=== TASK DESCRIPTION ===
A faithful copy of the entries is required, with no images in it.

• • •

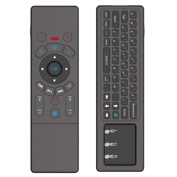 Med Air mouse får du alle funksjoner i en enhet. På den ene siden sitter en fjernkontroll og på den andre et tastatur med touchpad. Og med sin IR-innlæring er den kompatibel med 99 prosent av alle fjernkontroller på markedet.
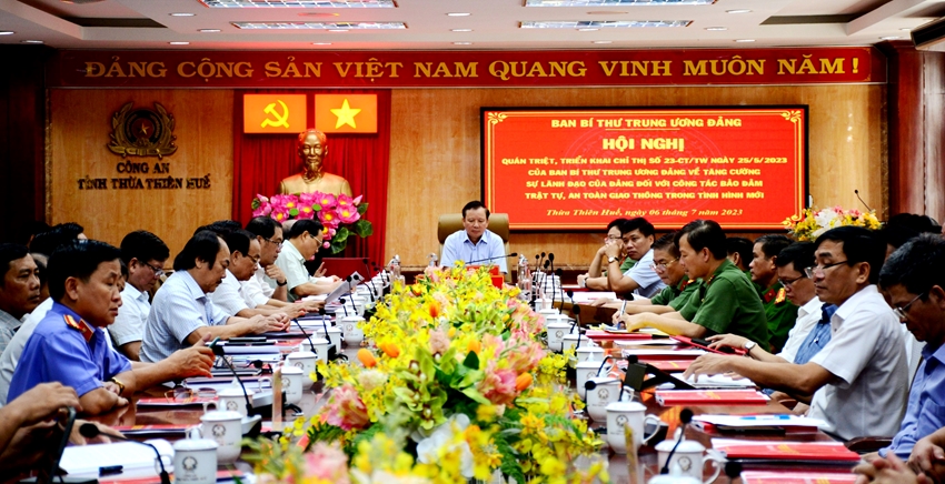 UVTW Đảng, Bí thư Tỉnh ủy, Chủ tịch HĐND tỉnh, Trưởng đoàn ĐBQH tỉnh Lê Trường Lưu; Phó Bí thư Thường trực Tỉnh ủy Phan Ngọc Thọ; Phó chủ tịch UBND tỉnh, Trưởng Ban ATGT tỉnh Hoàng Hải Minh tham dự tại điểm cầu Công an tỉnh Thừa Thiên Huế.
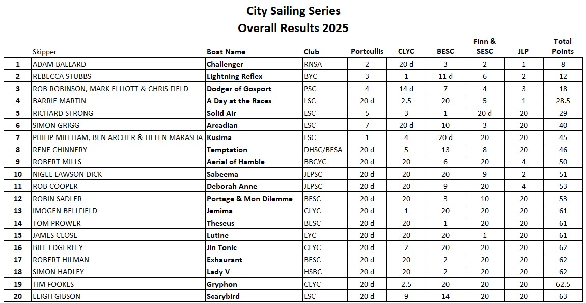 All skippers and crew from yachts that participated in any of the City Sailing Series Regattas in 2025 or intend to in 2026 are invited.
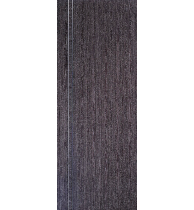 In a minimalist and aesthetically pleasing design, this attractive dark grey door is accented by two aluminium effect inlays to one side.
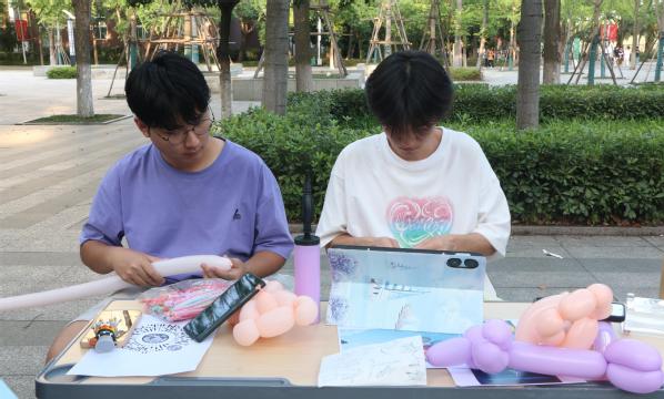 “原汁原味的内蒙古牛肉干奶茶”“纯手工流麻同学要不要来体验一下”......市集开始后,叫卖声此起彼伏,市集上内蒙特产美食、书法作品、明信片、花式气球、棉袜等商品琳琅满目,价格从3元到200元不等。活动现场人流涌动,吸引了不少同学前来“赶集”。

• • •

=== TASK RESULT ===
 Med Air mouse får du alle funksjoner i en enhet. På den ene siden sitter en fjernkontroll og på den andre et tastatur med touchpad. Og med sin IR-innlæring er den kompatibel med 99 prosent av alle fjernkontroller på markedet.
 UVTW Đảng, Bí thư Tỉnh ủy, Chủ tịch HĐND tỉnh, Trưởng đoàn ĐBQH tỉnh Lê Trường Lưu; Phó Bí thư Thường trực Tỉnh ủy Phan Ngọc Thọ; Phó chủ tịch UBND tỉnh, Trưởng Ban ATGT tỉnh Hoàng Hải Minh tham dự tại điểm cầu Công an tỉnh Thừa Thiên Huế.
 All skippers and crew from yachts that participated in any of the City Sailing Series Regattas in 2025 or intend to in 2026 are invited.
 In a minimalist and aesthetically pleasing design, this attractive dark grey door is accented by two aluminium effect inlays to one side.
 “原汁原味的内蒙古牛肉干奶茶”“纯手工流麻同学要不要来体验一下”......市集开始后,叫卖声此起彼伏,市集上内蒙特产美食、书法作品、明信片、花式气球、棉袜等商品琳琅满目,价格从3元到200元不等。活动现场人流涌动,吸引了不少同学前来“赶集”。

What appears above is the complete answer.